You shouldn’t exist
Against all odds

There are moments when your experience of the world changes in a fundamental way. Like looking up at the night sky and realizing how big everything is – and how small you are. In those moments, everything has perspective. Not only do problems seem to matter less, your experience of your surroundings has this surreal character, as if everything is more three-dimensional and the colors are much more intense. Your consciousness feels bigger than your body, which is suddenly “just” another sensation. And there’s awe, lots of awe.
Looking at the night sky, or being in nature, seeing massive mountains and imagining how much time they took to form – or imagining you're going to die very soon, like in a year or less – many things can trigger such an experience.
But there is one particular thought that evokes this experience most strongly, and that makes me happy unlike anything else:
I shouldn’t even be here!
How improbable is it that you’re here to begin with? And to be able to witness life as a conscious being, aware not only of beauty but of your own existence within it? For you to be conscious and to experience this, to be able to think those very thoughts!
It’s layers upon layers of improbability: your parents meeting at that precise moment in history, and then their parents before them. Thousands of ancestors, each making a choice that inevitably led to you. Our human species evolving over millions of years, surviving catastrophes that nearly wiped us out multiple times. Life itself emerging from inanimate elements and chemical reactions on early Earth. The Earth forming at just the right distance from the Sun to be habitable. And beyond that, a universe with physical constraints precisely tuned to permit atoms, stars, and the complexity of life. Yet here you are.
And you don’t just exist. You’re conscious of this world of stars, snowy mountains, and insane chemical reactions like photosynthesis. And the closer you look, the more you realize that it’s not just stacked layers of improbability that led to this very moment, it’s also stacked layers of beauty hidden in complexity.

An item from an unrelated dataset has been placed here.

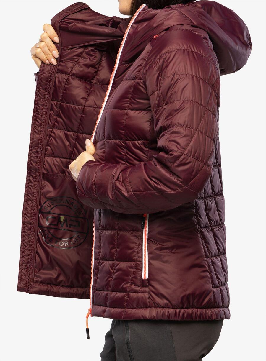 Женская куртка CMP Fix Hood. Сверхлегкий, прочный и дышащий второй слой с утеплителем PrimaLoft Black Insulation Hi-Loft Ultra из переработанного материала. Особые механически ориентированные складки, характерные для утеплителя, противостоят сжатию и создают пространство для удержания воздуха и сохранения тепла тела, обеспечивая комфорт даже в холодную погоду. Благодаря лёгкой компрессии куртку можно носить по мере необходимости, а когда она не нужна, складывать в рюкзак. Два боковых кармана на молнии. Передняя молния с ветрозащитным клапаном. Капюшон. Материал: 100% полиэстер.
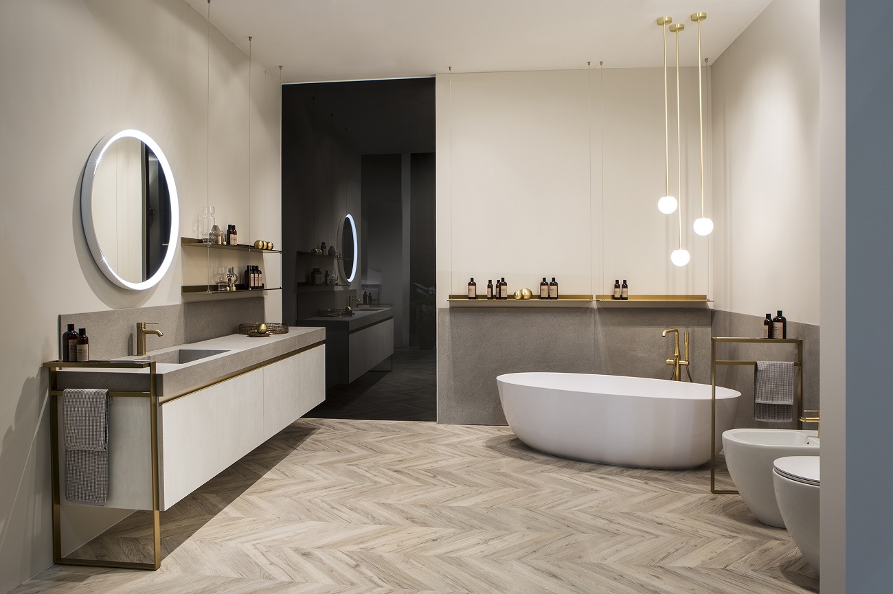 The wall-mounted base unit and the dedicated line of accessories – which includes taps, shelves and towel rails – complete the collection to ensure maximum stylistic consistency. The recessed grip profiles and the door profiles can be produced to match the colour of the taps, in brass, white, and stainless steel finish. DeLinea: poetic simplicity and maximum functionality for an extraordinary Made in Italy offering.

It doesn’t stop with nature. Sometimes, I stand on a bridge and admire the railroad tracks below. Strange as it may sound, I marvel at how straight they are. At the human ingenuity that invented the technology to mine iron, process it, and then cast it into rails. And to arrange them to form a perfect line to the horizon. It makes me optimistic about our future – it’s like the rails are screaming at me: “Humans can do anything if we put our minds to it!”
Sometimes people claim that science and technology destroy the beauty of nature and existence by dissecting it, by cutting it into tiny pieces. Suddenly, a flash of lightning isn’t Magic anymore, it’s “just electricity”.
But I think it’s actually the opposite. “Just electricity” is such a complex phenomenon. Learning how many things have to happen for lightning to strike fills me with greater awe than “magic”. It’s like looking closely at a speck of dust and realizing that some of them are actually intricate works of art.
All those thoughts create this warm fuzzy feeling of cosmic awe. But these realizations are as fleeting as water running between your fingers. One moment you’re in awe, and the next you're in “get groceries, answer emails, be a person” mode. Somehow I am the product of an eternity of accidents and get mad when I miss my train.
I realize why it’s so easy to forget this – after all, a species that experienced nothing but awe would never have hunted for food or fled from predators, and would soon die out. But it’s also tragic because these thoughts can ease so much psychological suffering. Most things that bother you don’t matter in a year or so. That rejection at work? Losing your wallet? Missing the train? They suck! But it’s pretty damn unlikely to be alive in the first place. If losing my wallet is the price, I’m very happy to pay it!
All of this, the stars, the mountains, and the straight rails, none of it owes you anything. And yet, against all odds, you are here.
You shouldn’t exist. But now that you are, look around. Stay a while.